# [Directions for this task]
A complete answer includes every line below with the word "also".

# [Data to process]
-- Opening Marker --
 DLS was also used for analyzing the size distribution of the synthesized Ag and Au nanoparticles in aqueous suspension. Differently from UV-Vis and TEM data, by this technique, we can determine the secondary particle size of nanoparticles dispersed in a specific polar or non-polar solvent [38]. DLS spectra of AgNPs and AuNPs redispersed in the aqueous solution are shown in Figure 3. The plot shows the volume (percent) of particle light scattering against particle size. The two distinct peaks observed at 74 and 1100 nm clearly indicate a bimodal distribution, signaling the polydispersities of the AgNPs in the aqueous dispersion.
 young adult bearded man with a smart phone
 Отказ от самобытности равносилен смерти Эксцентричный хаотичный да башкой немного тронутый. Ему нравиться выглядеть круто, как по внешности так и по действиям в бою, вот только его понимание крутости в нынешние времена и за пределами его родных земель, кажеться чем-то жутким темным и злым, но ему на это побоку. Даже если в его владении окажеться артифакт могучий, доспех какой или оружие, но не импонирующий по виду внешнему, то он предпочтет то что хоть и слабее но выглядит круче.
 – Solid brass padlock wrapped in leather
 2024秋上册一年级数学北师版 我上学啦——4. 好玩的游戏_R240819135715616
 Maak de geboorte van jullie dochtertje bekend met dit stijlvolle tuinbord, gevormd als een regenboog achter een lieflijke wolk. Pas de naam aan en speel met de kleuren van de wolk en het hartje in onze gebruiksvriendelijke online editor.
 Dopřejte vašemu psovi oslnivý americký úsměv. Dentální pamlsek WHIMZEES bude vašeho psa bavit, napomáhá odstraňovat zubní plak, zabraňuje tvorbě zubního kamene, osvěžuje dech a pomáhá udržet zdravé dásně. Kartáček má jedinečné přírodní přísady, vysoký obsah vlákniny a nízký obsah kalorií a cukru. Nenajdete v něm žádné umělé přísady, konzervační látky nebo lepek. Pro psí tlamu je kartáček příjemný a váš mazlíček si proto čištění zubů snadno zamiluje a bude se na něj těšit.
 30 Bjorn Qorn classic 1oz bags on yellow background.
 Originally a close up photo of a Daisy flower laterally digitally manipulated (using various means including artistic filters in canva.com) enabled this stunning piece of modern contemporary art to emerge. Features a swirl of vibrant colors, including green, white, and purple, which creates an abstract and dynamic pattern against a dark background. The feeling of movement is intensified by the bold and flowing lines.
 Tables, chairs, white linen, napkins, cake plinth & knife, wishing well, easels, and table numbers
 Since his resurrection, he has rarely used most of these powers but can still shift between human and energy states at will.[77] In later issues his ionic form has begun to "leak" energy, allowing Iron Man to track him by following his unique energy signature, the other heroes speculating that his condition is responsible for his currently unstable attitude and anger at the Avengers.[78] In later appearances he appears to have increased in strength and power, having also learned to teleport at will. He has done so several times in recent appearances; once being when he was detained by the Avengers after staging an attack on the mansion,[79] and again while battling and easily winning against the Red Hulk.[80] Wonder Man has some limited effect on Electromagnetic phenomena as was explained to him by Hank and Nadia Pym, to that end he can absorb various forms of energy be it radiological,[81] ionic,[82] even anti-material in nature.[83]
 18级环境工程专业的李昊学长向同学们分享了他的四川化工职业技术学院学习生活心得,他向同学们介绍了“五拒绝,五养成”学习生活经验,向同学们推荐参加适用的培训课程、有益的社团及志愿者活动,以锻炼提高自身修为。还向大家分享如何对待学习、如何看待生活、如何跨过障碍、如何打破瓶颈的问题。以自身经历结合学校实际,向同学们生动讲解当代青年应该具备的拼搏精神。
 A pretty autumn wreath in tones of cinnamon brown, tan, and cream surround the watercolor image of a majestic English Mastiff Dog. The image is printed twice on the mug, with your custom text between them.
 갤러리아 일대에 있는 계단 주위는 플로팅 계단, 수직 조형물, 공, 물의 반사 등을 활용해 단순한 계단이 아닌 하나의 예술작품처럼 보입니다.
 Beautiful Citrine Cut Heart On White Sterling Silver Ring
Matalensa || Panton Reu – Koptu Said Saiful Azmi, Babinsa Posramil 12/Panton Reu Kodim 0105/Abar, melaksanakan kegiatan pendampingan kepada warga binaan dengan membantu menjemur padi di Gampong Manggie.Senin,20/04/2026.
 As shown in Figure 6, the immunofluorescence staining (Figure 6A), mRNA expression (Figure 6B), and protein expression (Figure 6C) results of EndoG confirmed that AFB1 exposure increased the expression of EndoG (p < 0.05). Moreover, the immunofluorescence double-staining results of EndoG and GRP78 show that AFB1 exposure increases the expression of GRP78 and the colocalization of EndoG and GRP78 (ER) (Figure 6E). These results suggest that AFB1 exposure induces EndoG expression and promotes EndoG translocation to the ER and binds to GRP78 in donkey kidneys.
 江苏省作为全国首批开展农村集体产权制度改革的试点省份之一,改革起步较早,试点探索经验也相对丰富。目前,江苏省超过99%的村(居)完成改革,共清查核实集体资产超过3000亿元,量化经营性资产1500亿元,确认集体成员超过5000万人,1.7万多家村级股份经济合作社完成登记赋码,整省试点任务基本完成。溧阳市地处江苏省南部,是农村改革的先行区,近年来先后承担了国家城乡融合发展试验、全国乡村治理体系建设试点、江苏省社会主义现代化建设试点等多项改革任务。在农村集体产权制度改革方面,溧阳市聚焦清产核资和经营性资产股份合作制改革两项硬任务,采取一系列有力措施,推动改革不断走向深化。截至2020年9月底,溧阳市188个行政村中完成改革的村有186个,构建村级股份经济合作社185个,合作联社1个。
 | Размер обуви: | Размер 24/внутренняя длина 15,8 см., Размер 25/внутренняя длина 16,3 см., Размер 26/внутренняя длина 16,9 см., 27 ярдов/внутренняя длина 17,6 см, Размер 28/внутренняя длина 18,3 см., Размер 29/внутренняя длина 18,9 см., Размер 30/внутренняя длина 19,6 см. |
-- Closing Marker --
# [Response for this exercise]
 DLS was also used for analyzing the size distribution of the synthesized Ag and Au nanoparticles in aqueous suspension. Differently from UV-Vis and TEM data, by this technique, we can determine the secondary particle size of nanoparticles dispersed in a specific polar or non-polar solvent [38]. DLS spectra of AgNPs and AuNPs redispersed in the aqueous solution are shown in Figure 3. The plot shows the volume (percent) of particle light scattering against particle size. The two distinct peaks observed at 74 and 1100 nm clearly indicate a bimodal distribution, signaling the polydispersities of the AgNPs in the aqueous dispersion.
 Since his resurrection, he has rarely used most of these powers but can still shift between human and energy states at will.[77] In later issues his ionic form has begun to "leak" energy, allowing Iron Man to track him by following his unique energy signature, the other heroes speculating that his condition is responsible for his currently unstable attitude and anger at the Avengers.[78] In later appearances he appears to have increased in strength and power, having also learned to teleport at will. He has done so several times in recent appearances; once being when he was detained by the Avengers after staging an attack on the mansion,[79] and again while battling and easily winning against the Red Hulk.[80] Wonder Man has some limited effect on Electromagnetic phenomena as was explained to him by Hank and Nadia Pym, to that end he can absorb various forms of energy be it radiological,[81] ionic,[82] even anti-material in nature.[83]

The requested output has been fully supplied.